**Work order**
What follows is a set of records. Retype them exactly, leaving out the pictures.

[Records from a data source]

-.-.-

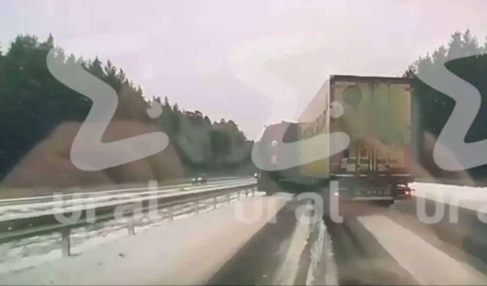 Фуру развернуло посреди трассы М-5 из-за гололёда. Машина встала поперек дороги, полностью перегородив движение. На Челябинском тракте собралась огромная пробка.
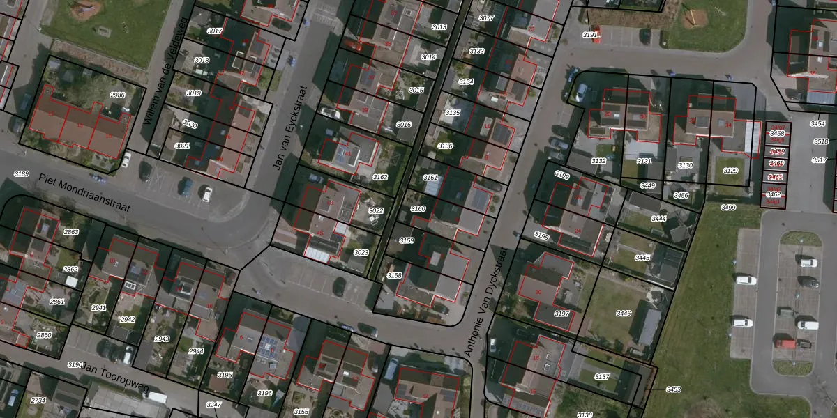 Gebruik de zoekbalk of klik op een perceel om informatie over het perceel te bekijken.
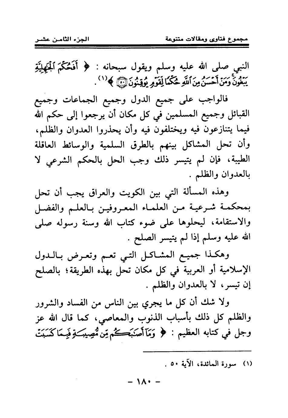 وهذه المسألة التي بين الكويت والعراق يجب أن تحل بمحكمة شرعية من العلماء المعروفين بالعلم والفضل والاستقامة ليحلوها على ضوء كتاب الله وسنة رسوله صلى الله عليه وسلم إذا لم يتيسر الصلح.
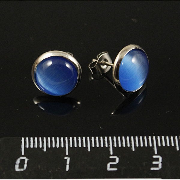 Серьги-пусеты кошачий глаз синт. синий, круг 10мм..
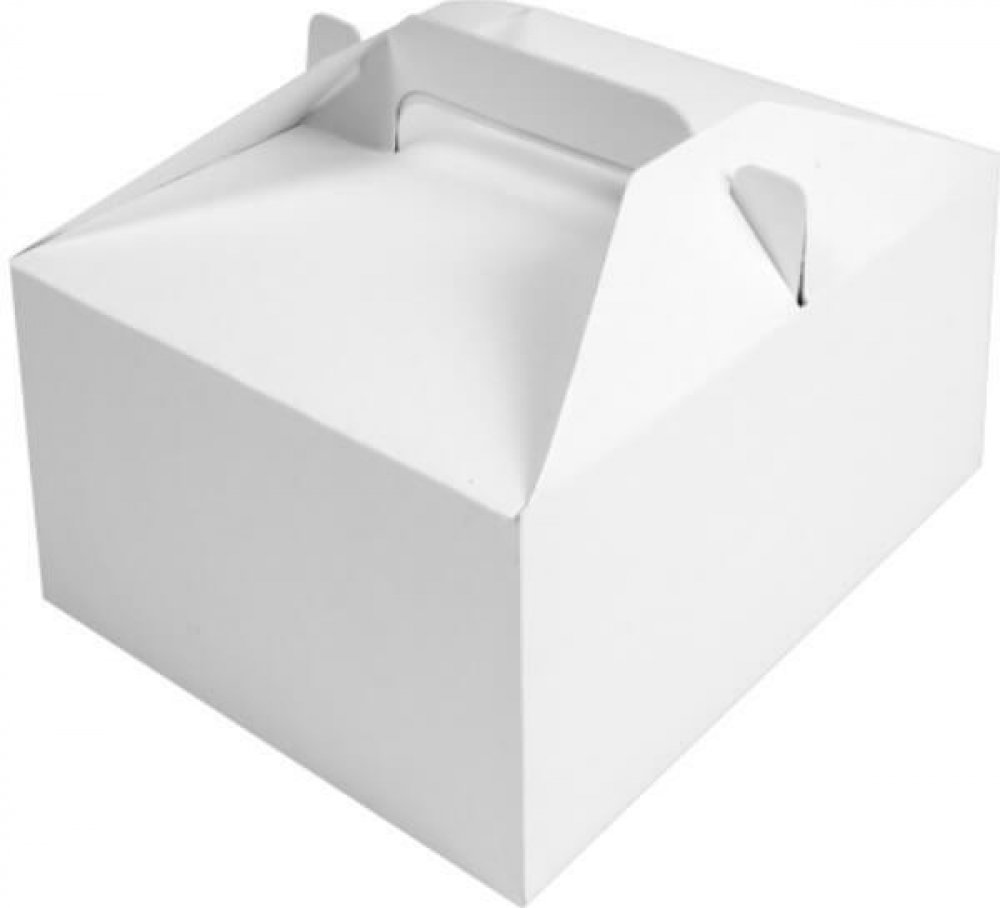 Papírová krabice na výslužku z bílo-šedé lepenky 450 g/m2. Materiál je vhodný pro přímý styk pouze se suchou nemastnou potravinou.
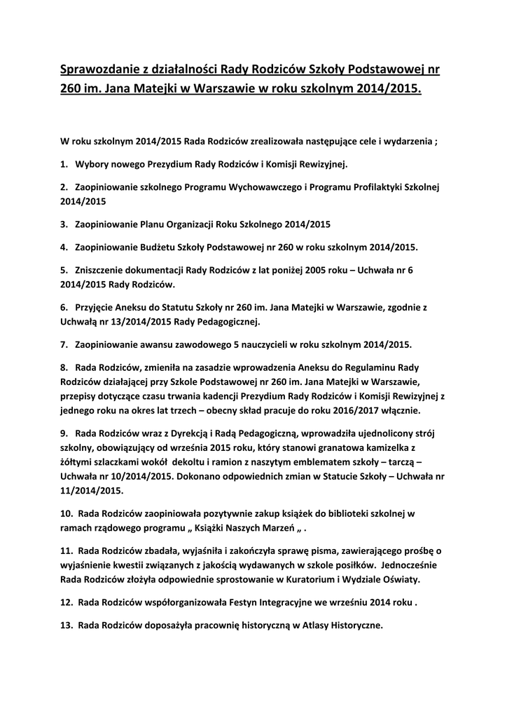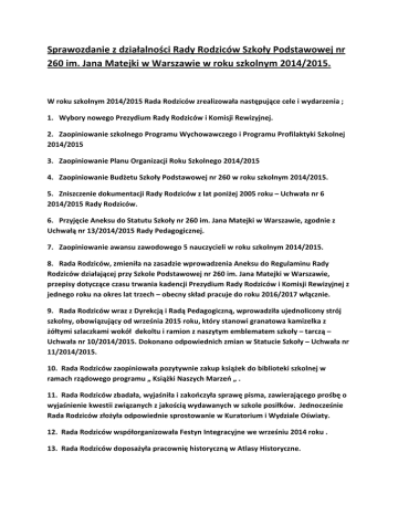 Sprawozdanie z działalności Rady Rodziców Szkoły Podstawowej nr 260 im. Jana Matejki w Warszawie w roku szkolnym 2014/2015. W roku szkolnym 2014/2015 Rada Rodziców zrealizowała następujące cele i wydarzenia ; 1. Wybory nowego Prezydium Rady Rodziców i Komisji Rewizyjnej. 2. Zaopiniowanie szkolnego Programu Wychowawczego i Programu Profilaktyki Szkolnej 2014/2015 3. Zaopiniowanie Planu Organizacji Roku Szkolnego 2014/2015 4. Zaopiniowanie Budżetu Szkoły Podstawowej nr 260 w roku szkolnym 2014/2015. 5. Zniszczenie dokumentacji Rady Rodziców z lat poniżej 2005 roku – Uchwała nr 6 2014/2015 Rady Rodziców. 6. Przyjęcie Aneksu do Statutu Szkoły nr 260 im. Jana Matejki w Warszawie, zgodnie z Uchwałą nr 13/2014/2015 Rady Pedagogicznej. 7. Zaopiniowanie awansu zawodowego 5 nauczycieli w roku szkolnym 2014/2015. 8. Rada Rodziców, zmieniła na zasadzie wprowadzenia Aneksu do Regulaminu Rady Rodziców działającej przy Szkole Podstawowej nr 260 im. Jana Matejki w Warszawie, przepisy dotyczące czasu trwania kadencji Prezydium Rady Rodziców i Komisji Rewizyjnej z jednego roku na okres lat trzech – obecny skład pracuje do roku 2016/2017 włącznie. 9. Rada Rodziców wraz z Dyrekcją i Radą Pedagogiczną, wprowadziła ujednolicony strój szkolny, obowiązujący od września 2015 roku, który stanowi granatowa kamizelka z żółtymi szlaczkami wokół dekoltu i ramion z naszytym emblematem szkoły – tarczą – Uchwała nr 10/2014/2015. Dokonano odpowiednich zmian w Statucie Szkoły – Uchwała nr 11/2014/2015. 10. Rada Rodziców zaopiniowała pozytywnie zakup książek do biblioteki szkolnej w ramach rządowego programu „ Książki Naszych Marzeń „ . 11. Rada Rodziców zbadała, wyjaśniła i zakończyła sprawę pisma, zawierającego prośbę o wyjaśnienie kwestii związanych z jakością wydawanych w szkole posiłków. Jednocześnie Rada Rodziców złożyła odpowiednie sprostowanie w Kuratorium i Wydziale Oświaty. 12. Rada Rodziców współorganizowała Festyn Integracyjne we wrześniu 2014 roku . 13. Rada Rodziców doposażyła pracownię historyczną w Atlasy Historyczne. 14. Rada Rodziców wspierała finansowo wyjazdy Chóru Szkolnego na Konkursy Wokalne na terenie Warszawy i nie tylko. 15. Rada Rodziców wspierała finansowo działalność Samorządu Szkolnego i organizowane przez Niego konkursy i wydarzenia. 16. Rada Rodziców wykonała dekorację sali gimnastycznej na Jasełka i Bal Karnawałowy + słodycze. 17. Rada Rodziców wraz z Gronem Pedagogicznym , zorganizowała Festyn Świąteczny grudzień 2014 – Odwiedziny Mikołajów + słodycze. Zebrane fundusze klasy przeznaczyły na atrakcje wewnątrzklasowe. 18. Rada Rodziców zorganizowała semestralny konkurs klasowy na najwyższą zebraną składkę na RR i nagrodziła w I semestrze klasę Va – tort i nagroda finansowa i w II semestrze klasę Ib – tort i nagroda finansowa. 19. Rada Rodziców wraz z Gronem Pedagogicznym zorganizowała i sfinansowała, Wielki Festyn Rodzinny z okazji Dnia Dziecka, Dnia Matki i Dnia Ojca – zebrane fundusze klasy przeznaczyły na atrakcje wewnątrzklasowe. 20. Rada Rodziców sfinansowała zakup dyplomów i nagród na zakończenie Roku Szkolnego 2014/2015. 21. Rada Rodziców dofinansowała organizację Konkursu Omnibus. 22. Rada Rodziców złożyła apteczki WOŚP – dla naszych przeszkolonych młodych ratowników. Wcześniej Rada Rodziców zgłosiła szkołę do Fundacji WOŚP do wznowienia szkoleń z zakresu resuscytacji i pierwszej pomocy. Szkolenia przeprowadziła Pani Małgorzata Kliszewska, której serdecznie dziękujemy za wspaniałą współpracę. Ponadto Rada Rodziców cały rok szkolny 2014/2015 efektywnie uczestniczyła w życiu szkoły, a okresie wakacyjnym wspierała radą Panią Dyrektor w zakresie prac remontowych wykonywanych na terenie szkoły.
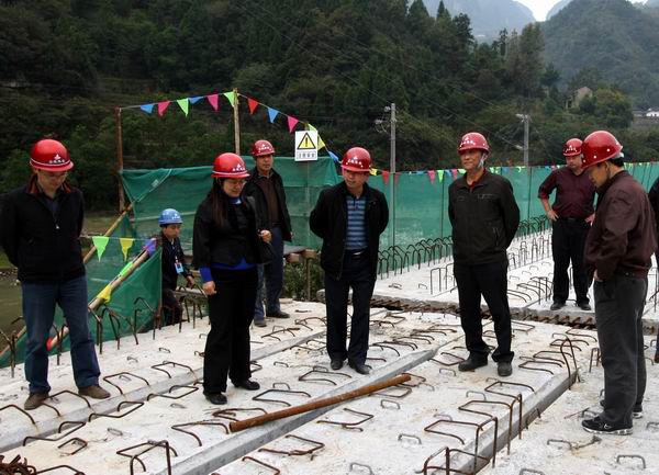 黃主席一行在項(xiàng)目經(jīng)理王遠(yuǎn)勝、項(xiàng)目黨支部書記邵建新、總工吳昊的陪同下深入各工區(qū)、施工一線了解我部一工區(qū)梁板預(yù)制、鋼筋加工和橋梁架設(shè)情況,二工區(qū)立柱施工情況和三工區(qū)梁場(chǎng)恢復(fù)生產(chǎn)的情況,并聽取項(xiàng)目經(jīng)理王遠(yuǎn)勝關(guān)于我部水毀及災(zāi)后恢復(fù)生產(chǎn)的工作匯報(bào)。
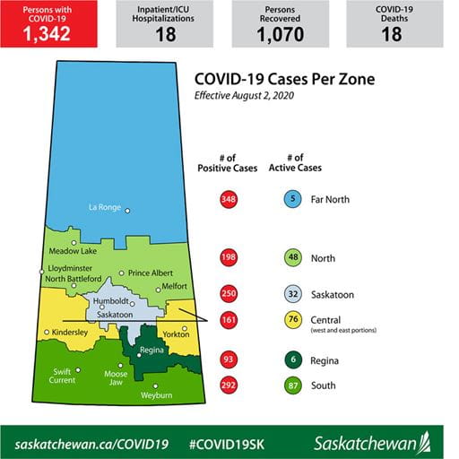 There are eight new cases of COVID-19 to report in Saskatchewan on August 2, bringing the total to 1,342 cases.

-.-.-

**Problem solution**
 Фуру развернуло посреди трассы М-5 из-за гололёда. Машина встала поперек дороги, полностью перегородив движение. На Челябинском тракте собралась огромная пробка.
 Gebruik de zoekbalk of klik op een perceel om informatie over het perceel te bekijken.
 وهذه المسألة التي بين الكويت والعراق يجب أن تحل بمحكمة شرعية من العلماء المعروفين بالعلم والفضل والاستقامة ليحلوها على ضوء كتاب الله وسنة رسوله صلى الله عليه وسلم إذا لم يتيسر الصلح.
 Серьги-пусеты кошачий глаз синт. синий, круг 10мм..
 Papírová krabice na výslužku z bílo-šedé lepenky 450 g/m2. Materiál je vhodný pro přímý styk pouze se suchou nemastnou potravinou.
 Sprawozdanie z działalności Rady Rodziców Szkoły Podstawowej nr 260 im. Jana Matejki w Warszawie w roku szkolnym 2014/2015. W roku szkolnym 2014/2015 Rada Rodziców zrealizowała następujące cele i wydarzenia ; 1. Wybory nowego Prezydium Rady Rodziców i Komisji Rewizyjnej. 2. Zaopiniowanie szkolnego Programu Wychowawczego i Programu Profilaktyki Szkolnej 2014/2015 3. Zaopiniowanie Planu Organizacji Roku Szkolnego 2014/2015 4. Zaopiniowanie Budżetu Szkoły Podstawowej nr 260 w roku szkolnym 2014/2015. 5. Zniszczenie dokumentacji Rady Rodziców z lat poniżej 2005 roku – Uchwała nr 6 2014/2015 Rady Rodziców. 6. Przyjęcie Aneksu do Statutu Szkoły nr 260 im. Jana Matejki w Warszawie, zgodnie z Uchwałą nr 13/2014/2015 Rady Pedagogicznej. 7. Zaopiniowanie awansu zawodowego 5 nauczycieli w roku szkolnym 2014/2015. 8. Rada Rodziców, zmieniła na zasadzie wprowadzenia Aneksu do Regulaminu Rady Rodziców działającej przy Szkole Podstawowej nr 260 im. Jana Matejki w Warszawie, przepisy dotyczące czasu trwania kadencji Prezydium Rady Rodziców i Komisji Rewizyjnej z jednego roku na okres lat trzech – obecny skład pracuje do roku 2016/2017 włącznie. 9. Rada Rodziców wraz z Dyrekcją i Radą Pedagogiczną, wprowadziła ujednolicony strój szkolny, obowiązujący od września 2015 roku, który stanowi granatowa kamizelka z żółtymi szlaczkami wokół dekoltu i ramion z naszytym emblematem szkoły – tarczą – Uchwała nr 10/2014/2015. Dokonano odpowiednich zmian w Statucie Szkoły – Uchwała nr 11/2014/2015. 10. Rada Rodziców zaopiniowała pozytywnie zakup książek do biblioteki szkolnej w ramach rządowego programu „ Książki Naszych Marzeń „ . 11. Rada Rodziców zbadała, wyjaśniła i zakończyła sprawę pisma, zawierającego prośbę o wyjaśnienie kwestii związanych z jakością wydawanych w szkole posiłków. Jednocześnie Rada Rodziców złożyła odpowiednie sprostowanie w Kuratorium i Wydziale Oświaty. 12. Rada Rodziców współorganizowała Festyn Integracyjne we wrześniu 2014 roku . 13. Rada Rodziców doposażyła pracownię historyczną w Atlasy Historyczne. 14. Rada Rodziców wspierała finansowo wyjazdy Chóru Szkolnego na Konkursy Wokalne na terenie Warszawy i nie tylko. 15. Rada Rodziców wspierała finansowo działalność Samorządu Szkolnego i organizowane przez Niego konkursy i wydarzenia. 16. Rada Rodziców wykonała dekorację sali gimnastycznej na Jasełka i Bal Karnawałowy + słodycze. 17. Rada Rodziców wraz z Gronem Pedagogicznym , zorganizowała Festyn Świąteczny grudzień 2014 – Odwiedziny Mikołajów + słodycze. Zebrane fundusze klasy przeznaczyły na atrakcje wewnątrzklasowe. 18. Rada Rodziców zorganizowała semestralny konkurs klasowy na najwyższą zebraną składkę na RR i nagrodziła w I semestrze klasę Va – tort i nagroda finansowa i w II semestrze klasę Ib – tort i nagroda finansowa. 19. Rada Rodziców wraz z Gronem Pedagogicznym zorganizowała i sfinansowała, Wielki Festyn Rodzinny z okazji Dnia Dziecka, Dnia Matki i Dnia Ojca – zebrane fundusze klasy przeznaczyły na atrakcje wewnątrzklasowe. 20. Rada Rodziców sfinansowała zakup dyplomów i nagród na zakończenie Roku Szkolnego 2014/2015. 21. Rada Rodziców dofinansowała organizację Konkursu Omnibus. 22. Rada Rodziców złożyła apteczki WOŚP – dla naszych przeszkolonych młodych ratowników. Wcześniej Rada Rodziców zgłosiła szkołę do Fundacji WOŚP do wznowienia szkoleń z zakresu resuscytacji i pierwszej pomocy. Szkolenia przeprowadziła Pani Małgorzata Kliszewska, której serdecznie dziękujemy za wspaniałą współpracę. Ponadto Rada Rodziców cały rok szkolny 2014/2015 efektywnie uczestniczyła w życiu szkoły, a okresie wakacyjnym wspierała radą Panią Dyrektor w zakresie prac remontowych wykonywanych na terenie szkoły.
 黃主席一行在項(xiàng)目經(jīng)理王遠(yuǎn)勝、項(xiàng)目黨支部書記邵建新、總工吳昊的陪同下深入各工區(qū)、施工一線了解我部一工區(qū)梁板預(yù)制、鋼筋加工和橋梁架設(shè)情況,二工區(qū)立柱施工情況和三工區(qū)梁場(chǎng)恢復(fù)生產(chǎn)的情況,并聽取項(xiàng)目經(jīng)理王遠(yuǎn)勝關(guān)于我部水毀及災(zāi)后恢復(fù)生產(chǎn)的工作匯報(bào)。
 There are eight new cases of COVID-19 to report in Saskatchewan on August 2, bringing the total to 1,342 cases.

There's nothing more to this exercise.